Yenaled commented 6 months ago

Hmm, what do the first few lines of /content/drive/MyDrive/Ewan_2023/output/counts_unfiltered_internal/cells_x_genes.mtx look like?

Because it looks like it's working (just the anndata is giving some problems).

Yenaled commented 6 months ago

I'm also trying a few things on my end (with smartseq2/3-like data) and seeing if I can reproduce the problems. Hold on a sec.

franziskadenk commented 6 months ago

Thanks!! This is what the first few lines look like:

%%MatrixMarket matrix coordinate real general % 16 34183 82873
1 15 1 1 19 4 1 24 1

Yenaled commented 6 months ago

Ah, yes, it is actually working!

I'll tell you what the problem is: Each entry in the barcodes.fastq.gz is 16-bp in length (and you're supplying two, so that makes 32-bp length -- for BUS files, barcodes should be <32-bp length).

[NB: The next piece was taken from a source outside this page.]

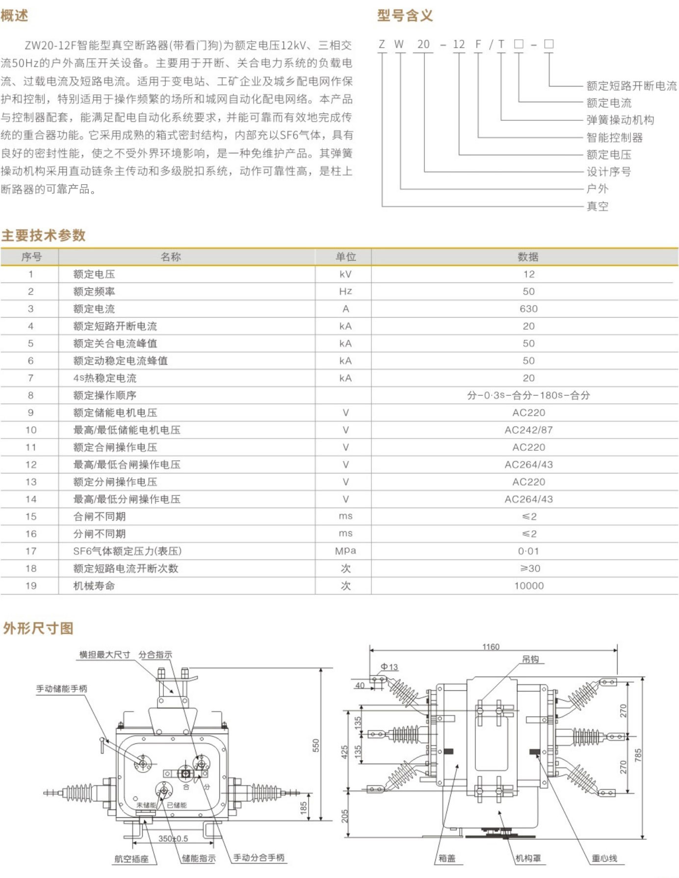 ZW20-12F智能型真空断路器(看门狗)
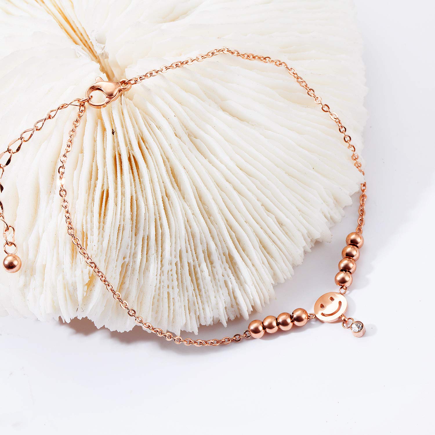 Rockyu アンクレット レディース スマイルビーズ チェーン チタン製 ハワイアン風

Easy fix? Just make the barcodes in barcodes.fastq.gz shorter by trimming off the first nucleotide!

awk '{if(NR%2){print $0}else{print substr($0,2)}}' <(zcat barcodes.fastq.gz) > barcodes_new.fastq

And then supply barcodes_new.fastq twice.

franziskadenk commented 6 months ago

Genius! My collaborators will be very happy. Thank you SO much for all your great help - and in the middle in the night no less.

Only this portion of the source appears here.